Шибко они с отцом любили друг дружку, и как померла она, он за нею в могилу прыгнул, хотел, чтоб зарыли его живьем с нею рядышком.
А колокольцы серебряные отливать — рассказывал он мне спустя годы — пошел он аж в Неврокоп, чтоб сыскать мастера самого что ни на есть искусного. Овец своих оставил на время одному побратиму, к постолам еще одни подошвы подшил, а между подошвами женино монисто серебряное. Не простое это было дело по тем временам — все горы, можно сказать, на своих на двоих пройти до самого Неврокопа: жили мы тогда под турком и много всякого лихого народа по дорогам встречалось. Долгонько добирался отец до нужного города, да не зря. Свел его там случай с мастером Джико — годами молодой, но великий умелец, до ремесла своего охочий и до славы, так что все умение свое вложил он в колокольцы-то эти. А как были они отлиты, подвесил их, сам на шаг отступил и крикнул, словно напугать их хотел:
— Хо-о!
— Дзин-нь! — пропели в ответ колокольцы, а голос у них в точности, какой у матушки нашей был.

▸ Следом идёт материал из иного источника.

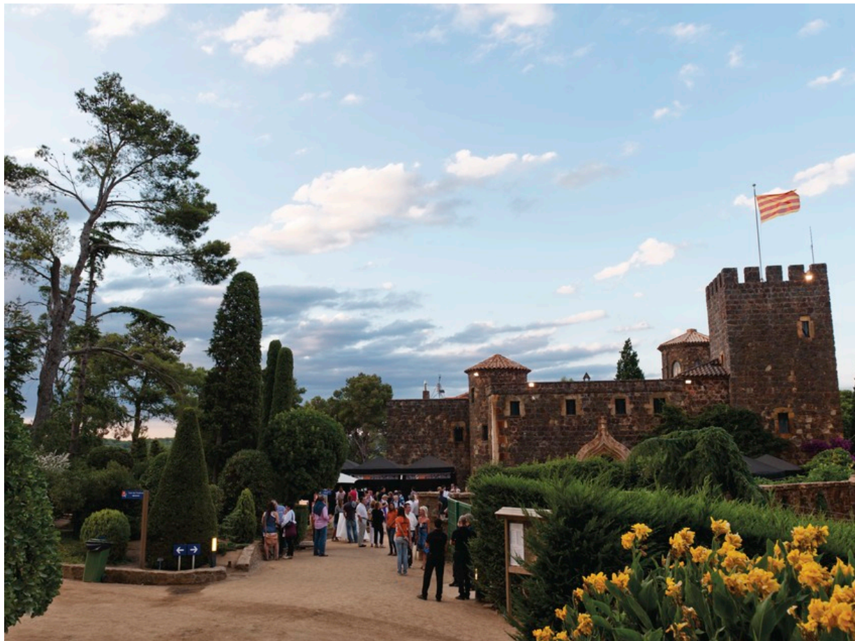
Cap Roig

Palafugell und die Möglichkeit, auf lauschigen Wegen durch die Botanischen Gärten zu streifen. Vor allem jedoch finden sich auf dem Festival Cap Roig Jahr für Jahr die großen Namen der Musikszene ein. Zu diesen zählten im Jahr 2015 unter anderem Sting, Ben Harper & The Innocent Criminals, Tony Bennett und Lady Gaga sowie Macaco, Pablo Alborán und Alejandro Sanz. Das Programm für 2016 steht noch aus, Infos gibt es hier .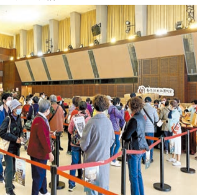
總會會員大排長龍領取蓮藕禮包。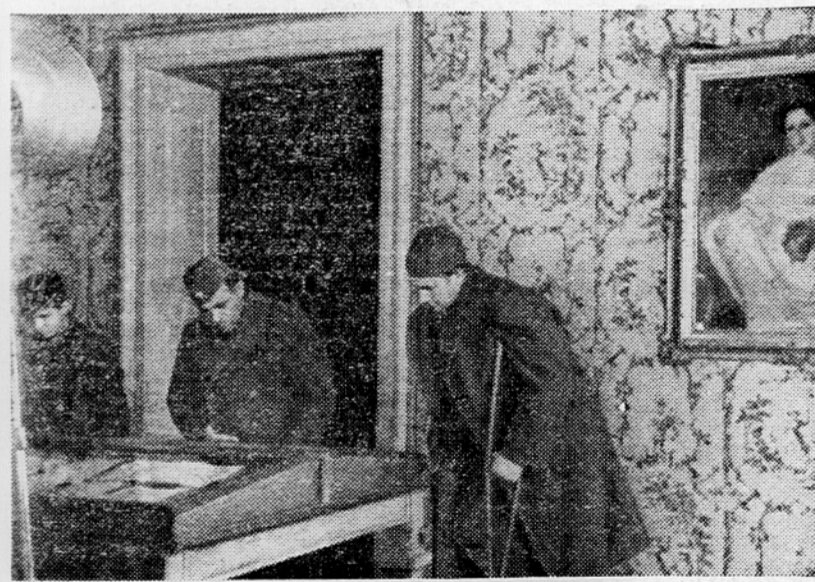
Ljudi partizan-invalid je prišel na Prešernovo razstavo v Mestni muzej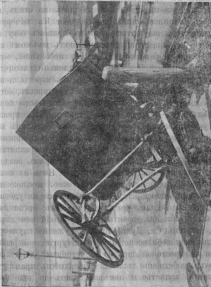
Видъ на мѣсто крушенія кареты съ сѣверозапада (съ верх. час. Тихвинскаго спуска).

ное поминовение. Затѣмъ припадокъ скоро прошелъ, и Владыка спокойно совершилъ дальнѣйшую часть литургіи. Приобщившись св. Христовыхъ тайнъ, Владыка совсѣмъ окрѣпъ, почему не уклонился служить и ве-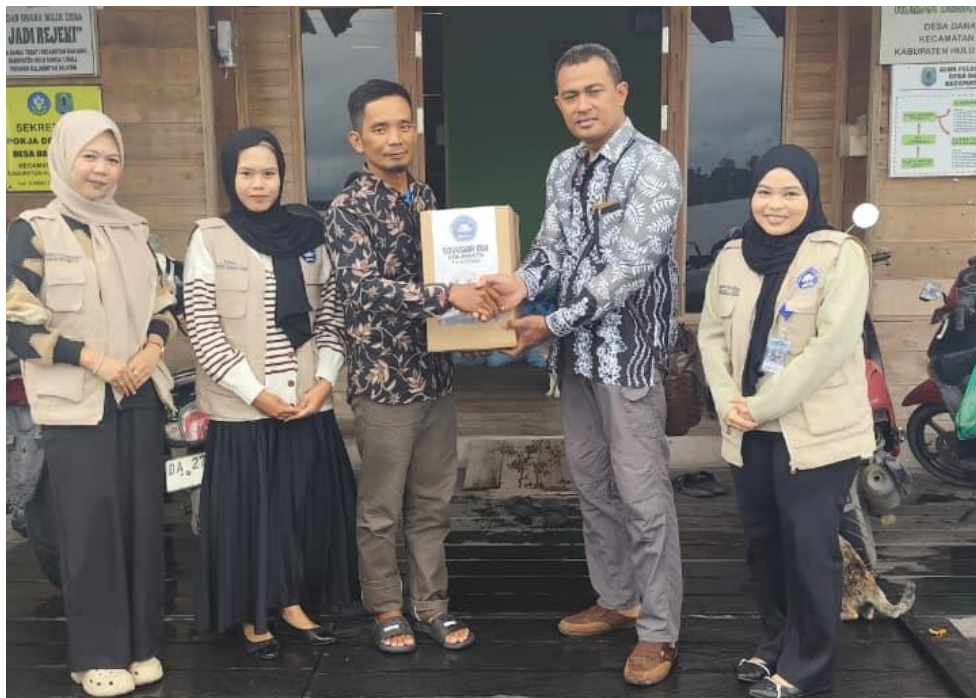
Penjemputan Mahasiswa KKN Oleh Dosen Pembimbing Lapangan (DPL)

Обрадовался отец, полез за деньгами — расплачиваться, но мастер остановил:
— Денег, — говорит, — я с тебя не возьму, но когда запоют в горах твои колокольцы и спросят люди, кто отливал их, ты говори: «Отливал их мастер Джико». Этого с меня довольно.

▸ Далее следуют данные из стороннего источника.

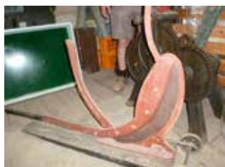
Een riet- of maïssnijder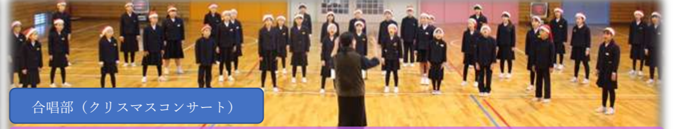
合唱部（クリスマスコンサート）

合唱部や弦楽部の活動等を通して、音楽や芸術に親しむ心・美しさを感じる心を育みます。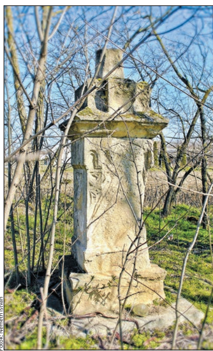
A legenda szerint itt múltak ki a lovak. A hely egykor közlekedési csomópont volt

tam fiatal agronómusként, hogy azelőtt, a régi világban az alföldi marhacsordák nagy része Tolnánál kelt át a Dunán. Itt, ezen az úton hajtották őket Fehérvár felé, majd a Móri-árkon át Győrnek, az országhatár irányába. Tolnáról Júlia-major felé tartott az út, hogy Nagydorognál keresztetesse a mai 63-as főutat. Ezt nem csak Tolnán hívták Széles-csapásnak, hanem a megye belsejében is, felváltva hol ennek, hol Fehérvári útnak nevezve. Ennek az útnak az eleje, itt Tolnán, a téesz időben szilárd útburkolatot kapott, ami az egykori téesz szőlő mellett vezetett a téesz pincéhez.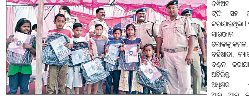
ହରଭଙ୍ଗା, ୧୩/୧୨(ସମ୍ବିଧ): ହରଭଙ୍ଗା ବୁଦ୍ଧ ଉପାଧ୍ୟକ୍ଷଙ୍କୁ ପୁଲିସର ଜନମୈତ୍ରୀ ଶିବିର ଅନୁଷ୍ଠିତ ହୋଇଥିଲା।

ଚାରିକିଳ, ୧୩/୧୨(ସମ୍ବିଧ): ହରଭଙ୍ଗା ବୁଦ୍ଧ ଉପାଧ୍ୟକ୍ଷଙ୍କୁ ପୁଲିସର ଜନମୈତ୍ରୀ ଶିବିର ଅନୁଷ୍ଠିତ ହୋଇଥିଲା।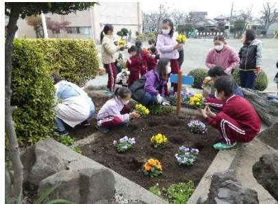
実際に植えてみる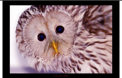
Chouette de Oural

Il existe deux sortes de créatures: celles matérielles perceptibles par les cinq sens, et celles spirituelles qui sont intelligibles sans existence extérieure. L'intelligence elle-même n'a pas d'existence extérieure.

Поцеловал ему отец на прощанье руку, колокольцы через плечо перекинул и двинулся в обратный путь, но не царской тропой, а напрямки через лес и глушь, подальше от недобрых встреч.
И едва лишь воротился к своим овцам, тут же подвязал новые колокольцы. И как закачались они, как зазвенели ясным голосом — ну просто диву даешься, колокольцы ли пастушьи звенят, колокола ли церковные бьют, или молодухи поют-тоскуют… Тогда-то их и прозвали Калинкиными колокольцами.

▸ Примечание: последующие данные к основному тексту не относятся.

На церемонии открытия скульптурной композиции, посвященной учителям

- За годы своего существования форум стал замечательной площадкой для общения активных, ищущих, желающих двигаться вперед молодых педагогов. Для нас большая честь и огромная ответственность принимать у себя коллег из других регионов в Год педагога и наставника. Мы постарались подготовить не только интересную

Поют, значит, серебряные колокольцы, слушает отец их песню, маму нашу вспоминает, но и про нас тоже думает. С утра до ночи работал-надрывался, чтоб росли сыновья, не зная холода-голода, стадо умножил до пятисот голов — наследство чтоб после себя оставить.
В те времена под осень, как задуют ветры, гнали чабаны свои отары зимовать к Эгейскому морю. А по весне, едва лишь Карлыкская вершина скинет с себя снежную шапку, пригоняли назад. Был у нашего отца обычай — перед тем, как ворочаться домой, посылал с кем-нибудь весточку, чтоб привезли ему заветные те колокольцы, и, вступив в родные горы, сразу привязывал вожакам стада на шею. С того дня, как схоронил он свою любовь, было это ему единственной утехой.
Помню, однажды поднялись мы на Калычборун, он нам тут же:
— Эй, чабаны, давайте сюда колокольцы!
А ведь солнышко едва-едва проглянуло.
Ну, повскакали чабаны, поймали козлов — а те козлы, которым колокольцы подвязывали, красавцы были — загляденье. Им, еще махоньким, туго стягивали веревкой рожки, чтобы выросли прямые, нежили, холили не хуже, чем детей родных, и с годами вымахивали они ростом с осла, горделивые и бородатые, что твой архиерей. А поступь — ну ровно богатей какой по базару вышагивает. Как им колокольцы подвесят, они тут же — морды кверху, друг за дружкой идут, а уж за ними и стадо. В тот день я в первый раз услыхал эти, мамины, колокольцы. Колокольцы-то пастушьи все разные — иные звякнут и замолчат, будто им горло перехватило, а эти — один разок язычок о стенку ударится, а звон десятью волнами прокатится. Покуда разносится окрест звяканье меньших колокольцев, большие басом выводят, как дьякон с амвона. Слушают чабаны, грудь распирает от радости, идут, гонят стадо, и, глядишь, кто-нибудь из них остановится да как гикнет что есть мочи:
— Эге-ге-ге-ге-е!
И не только гикнет, еще из ружья пальнет.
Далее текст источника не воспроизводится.